The project was running. He traveled to eight or nine institutions in five countries, in his quest to record species of animals that were often thought of as silent. He recorded fifty species of turtle, as well as caecilians, tuatara (a reptile currently found only in New Zealand) and lungfish (fish that can breathe air).

And it turns out, no one Some of them were silent. “Actually, every animal I recorded was making sounds,” says Jorgewich Cohen.

He says the findings point to a common ancestor about 407 million years ago.

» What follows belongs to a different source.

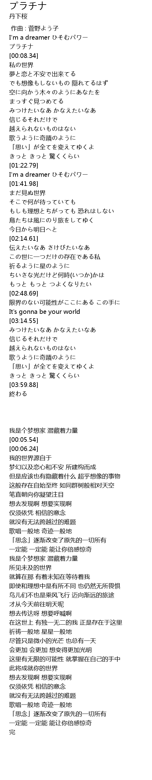 | [01:30.63] | I'm a dreamer ひそむパワー |

“Sometimes it’s surprising that we still don’t know much about things that are not necessarily uncommon but that live with us,” says Neil Kelly, a paleontologist at Vanderbilt University.

Kelly says the paper’s conclusion, mapping these sounds on the evolutionary tree, makes sense. He notes that there have been unique challenges in trying to study animal sounds over millions of years.

“It’s very difficult to trace that in the fossil record, because it is clear that sounds do not fossilize, and most acoustic equipment is based on soft tissue,” he notes.

It is important to note that sound production and hearing are two different things. Snakes, for example, are famous for their hissing sounds. But they are not thought to be able to hear themselves – or each other – hissing.

John Wiens, professor of ecology and evolutionary biology at the University of Arizona, says that a tortoise’s making of sounds doesn’t necessarily mean that it communicates in this way.

“I think there’s some confusion between making sounds and communicating with voice,” he says of the paper.

Jorgewich Cohen says that although the research team isn’t sure what all the sounds they collected mean, they used several strategies to identify the sounds used to communicate – including using cameras to associate sounds with behaviors that could show some kind of intent, and only include the sounds that are It is frequently produced and appears to be related to social behaviour.

Wiens says recording these sounds is an important step toward greater understanding.

“If you don’t record and report these sounds, there is no reason for anyone to study vocal communication in these things,” he says. “You don’t even know they’re making sounds.”

The next step, he says, is to find out what these animals might actually say.